(a) (b) The inclusion $\subset$ holds in both cases. Using 6(a), $\overline{\cap A_{\alpha}}\subset\overline{A}_{\alpha}$ for every $\alpha$ , and, therefore, $\overline{\cap A_{\alpha}}\subset\cap\overline{A}_{\alpha}$ . The equality does not hold in general, as $A_{\alpha}$ ’s might have some common limit points which are not in their intersection and not limit points of the intersection. For example, the intersection can be empty, while there is a common limit point: $(0,1)$ and $(1,2)$ is an example. Another example is $A=\mathbb{Q}\subset\mathbb{R}$ and $B=\mathbb{R}-\mathbb{Q}$ , where $\overline{A\cap B}=\emptyset$ and $\overline{A}\cap\overline{B}=\mathbb{R}$ .

(c) The inclusion $\supset$ holds, and, in fact, $\overline{A-B}-\overline{B}=\overline{A}-\overline{B}$ . Therefore, the inclusion is proper iff the closures of $A-B$ and $B$ share some points. The same examples illustrate the fact: if $A=(0,1)$ and $B=(1,2)$ , then $\overline{A}-\overline{B}=$ $\overline{A-B}-\overline{B}=$ $[0,1)\subset$ $\overline{A-B}=[0,1]$ , and if $A=\mathbb{Q}$ and $B=\mathbb{R}-\mathbb{Q}$ , then $\overline{A}-\overline{B}=$ $\overline{A-B}-\overline{B}=$ $\mathbb{R}-\mathbb{R}=\emptyset\subset$ $\overline{A-B}=\mathbb{R}$ .

Proof 1. Using 6(a,b), $\overline{A}-\overline{B}=$ $(\overline{A-B}\cup\overline{A\cap B})-\overline{B}=$ $\overline{A-B}-\overline{B}$ .
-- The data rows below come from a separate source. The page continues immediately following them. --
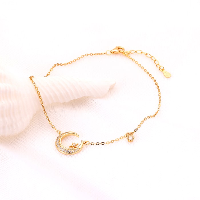 The golden anklet has a gorgeous crescent moon with a star on the bottom. The whole charm is studded with zircons.
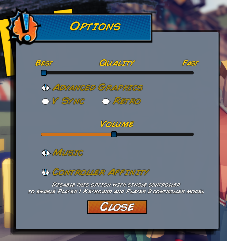 With the new "Controller Affinity" options, players can now select two different input models, this option is mostly useful when only one controller is connected, and allows player 1 to be controlled with keyboard and player 2 to be controlled with a controller. This option is available in game options and can be switched on the fly.
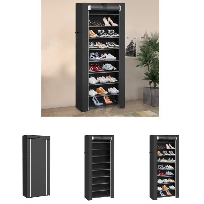 Étagère à chaussures verticale, 9-Organisateur de rangement de chaussures à niveaux, Étagère à chaussures étroite avec clôture supérieure et crochets, Détient 9 Des paires de chaussures, Stable et robuste, pour l'entrée, Placard Garantie de service sans souci : Des problèmes ? Qu'il s'agisse de conseils d'achat, de questions d'installation ou de problèmes d'utilisation, contactez-nous à tout moment. Tout ce dont vous avez besoin] : Ce porte-manteau multifonctionnel comprend 9 crochets, un tableau mémo, un sac de rangement et un range-chaussures Cette étagère à chaussures 9 niveaux organise jusqu'à 55 paires. Dimensions : 127x30x158cm. Structure métallique robuste avec connecteurs en plastique renforcé Aucun perçage n'est nécessaire - installation rapide et stable. Nous nous engageons à vous fournir une assistance sans faille, de l'installation à l'utilisation quotidienne, pour une expérience de stockage plus détendue. Porte-chaussures meuble de rangement modulable en acier - Noir - Maison Assemblage sans outil en quelques minutes. Idéale pour les entrées, les placards et les portes Base surélevée - Conception adaptée aux plinthes:Conçue avec des pieds surélevés, cette étagère à chaussures s'adapte parfaitement aux murs sans être bloquée par les plinthes. Veillez à retirer la pellicule transparente avant l'utilisation pour une adhérence optimale. 8 coussinets adhésifs pour une meilleure stabilité:Equipé de 8 coussinets adhésifs puissants à la base pour aider à fixer l'étagère sur des surfaces lisses comme le carrelage ou les planchers en bois. Sa conception verticale permet d'économiser de l'espace au sol et convient parfaitement aux espaces restreints tels que les entrées, les chambres ou les placards. Cadre en acier au carbone de première qualité - durable et peu encombrant:Construit en acier au carbone de haute qualité, ce support autoportant est robuste, résistant à la rouille et conçu pour durer. Stable, durable et facile à installer
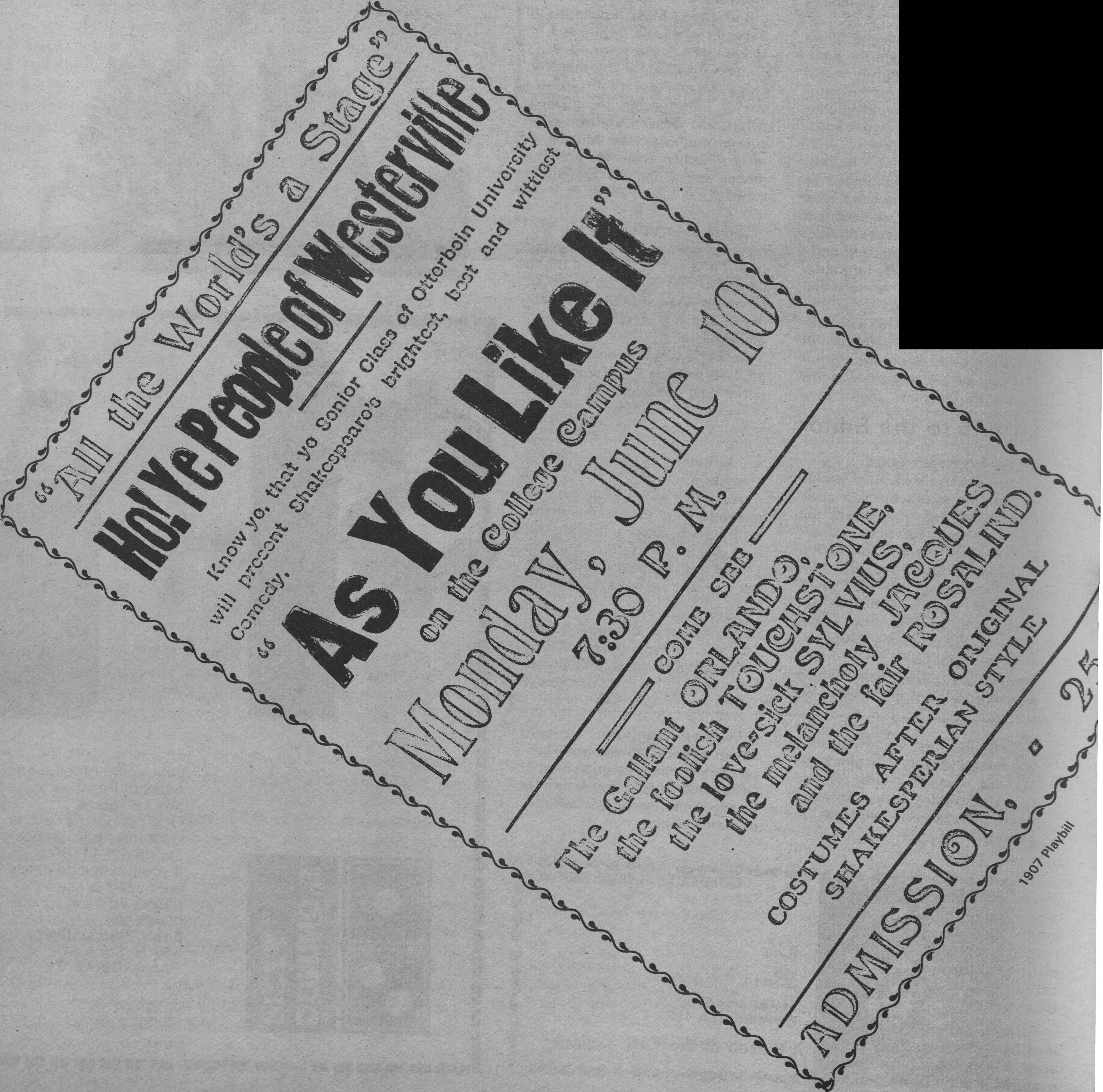 The William Shakespeare play Shakespeare's "As You Like It", but to every character in the play. is something with its theme of love, was chosen special, though. The rendition was excel/em and "Like It" was the first complete to be the first play. the class is to be congratulated, major production ever given at It was an open-air performance, while Prof. Evans is deserving the Otterbein The date was June 10, under the direction of Professor highest mention for his sacrifice _ 1907. Edwin B. Evans, and sponsored by and interest.

Proof 2. Assume that $x$ is in $\overline{A}-\overline{B}$ , i.e. every neighborhood of $x$ intersects $A$ but there is some neighborhood $V$ of $x$ that does not intersect $B$ . Suppose there is some neighborhood $U$ of $x$ that does not intersects $A-B$ , then the neighborhood $U\cap V$ of $x$ does not intersects $A-B$ and it does not intersects $B$ , i.e. it does not intersects $A$ at all, contradiction. So, $x\in\overline{A-B}$ but $x\notin\overline{B}$ . The other direction is immediate using 6(a).